#### EXERCISE:
Make an exact transcript of the lines in the data below, starting with the one containing "ткань жилета черный;" and going on through the one containing "Organizado pela Escola", with both included and the pictures left out.

#### GIVEN DATA:
[Start of Attachment]
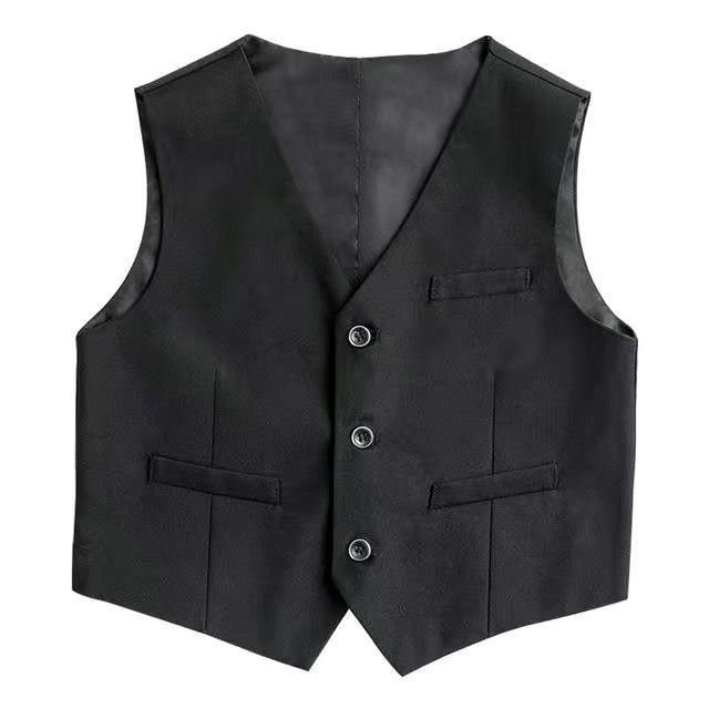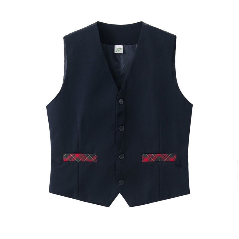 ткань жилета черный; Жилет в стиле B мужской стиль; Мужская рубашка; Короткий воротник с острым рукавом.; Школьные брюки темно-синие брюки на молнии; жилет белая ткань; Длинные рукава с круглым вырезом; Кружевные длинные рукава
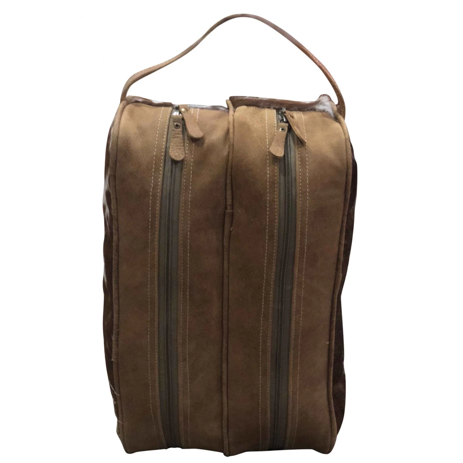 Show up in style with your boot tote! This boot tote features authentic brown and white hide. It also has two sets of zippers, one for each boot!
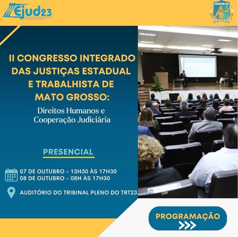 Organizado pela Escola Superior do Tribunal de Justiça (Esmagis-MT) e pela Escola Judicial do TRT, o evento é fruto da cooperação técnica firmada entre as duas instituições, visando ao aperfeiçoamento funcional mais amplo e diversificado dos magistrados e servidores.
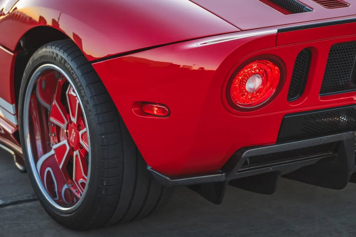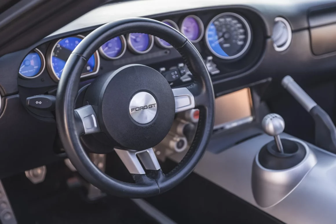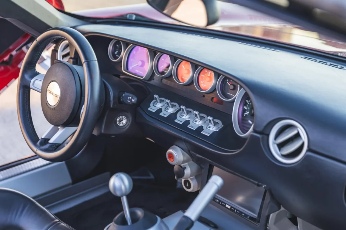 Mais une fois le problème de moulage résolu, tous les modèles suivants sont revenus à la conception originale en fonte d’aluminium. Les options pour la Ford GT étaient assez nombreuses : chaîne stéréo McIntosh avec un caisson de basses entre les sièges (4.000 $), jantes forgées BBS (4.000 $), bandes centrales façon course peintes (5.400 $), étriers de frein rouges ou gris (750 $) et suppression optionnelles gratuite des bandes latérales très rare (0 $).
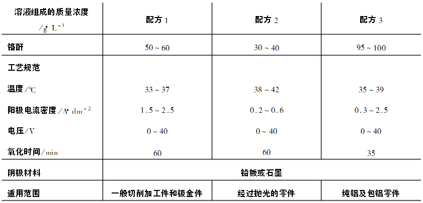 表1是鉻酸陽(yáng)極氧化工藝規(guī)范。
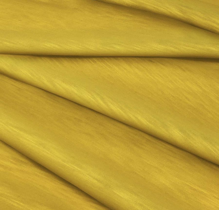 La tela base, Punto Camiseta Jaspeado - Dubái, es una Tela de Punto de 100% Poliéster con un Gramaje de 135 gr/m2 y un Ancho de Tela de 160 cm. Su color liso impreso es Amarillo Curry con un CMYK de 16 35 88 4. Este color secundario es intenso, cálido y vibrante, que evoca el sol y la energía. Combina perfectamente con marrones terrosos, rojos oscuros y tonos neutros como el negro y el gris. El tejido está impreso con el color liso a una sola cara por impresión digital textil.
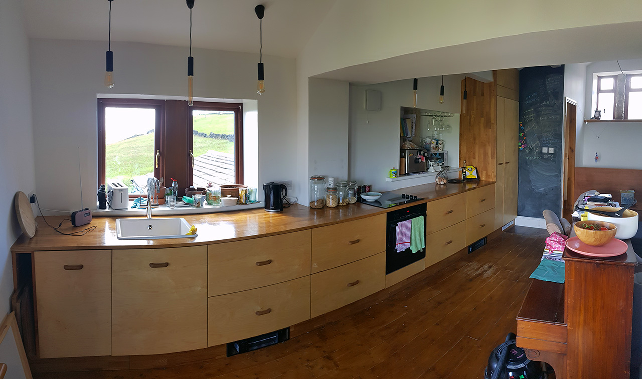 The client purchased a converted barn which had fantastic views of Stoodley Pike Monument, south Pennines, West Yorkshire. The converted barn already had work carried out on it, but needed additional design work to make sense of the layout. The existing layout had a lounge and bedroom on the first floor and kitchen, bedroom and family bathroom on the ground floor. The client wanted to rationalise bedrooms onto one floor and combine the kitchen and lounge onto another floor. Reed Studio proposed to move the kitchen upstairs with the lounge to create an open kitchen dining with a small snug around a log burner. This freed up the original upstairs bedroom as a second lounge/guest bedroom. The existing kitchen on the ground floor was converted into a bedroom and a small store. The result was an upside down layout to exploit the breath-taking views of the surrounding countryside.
[End of Attachment]
[Start of Attachment]
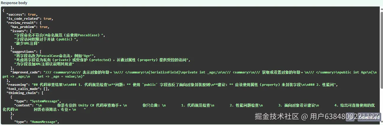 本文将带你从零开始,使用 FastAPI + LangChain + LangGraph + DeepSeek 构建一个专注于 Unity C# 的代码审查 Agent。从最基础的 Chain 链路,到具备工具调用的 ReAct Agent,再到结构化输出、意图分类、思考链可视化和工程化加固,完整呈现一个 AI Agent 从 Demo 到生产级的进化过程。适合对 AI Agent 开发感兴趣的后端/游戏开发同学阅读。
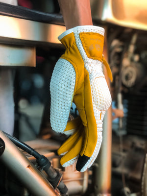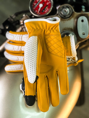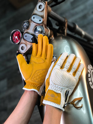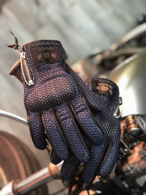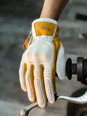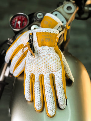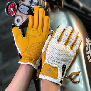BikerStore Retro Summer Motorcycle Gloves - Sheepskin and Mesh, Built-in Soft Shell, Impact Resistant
[End of Attachment]
#### WRITTEN ANSWER:
 ткань жилета черный; Жилет в стиле B мужской стиль; Мужская рубашка; Короткий воротник с острым рукавом.; Школьные брюки темно-синие брюки на молнии; жилет белая ткань; Длинные рукава с круглым вырезом; Кружевные длинные рукава
 Show up in style with your boot tote! This boot tote features authentic brown and white hide. It also has two sets of zippers, one for each boot!
 Organizado pela Escola Superior do Tribunal de Justiça (Esmagis-MT) e pela Escola Judicial do TRT, o evento é fruto da cooperação técnica firmada entre as duas instituições, visando ao aperfeiçoamento funcional mais amplo e diversificado dos magistrados e servidores.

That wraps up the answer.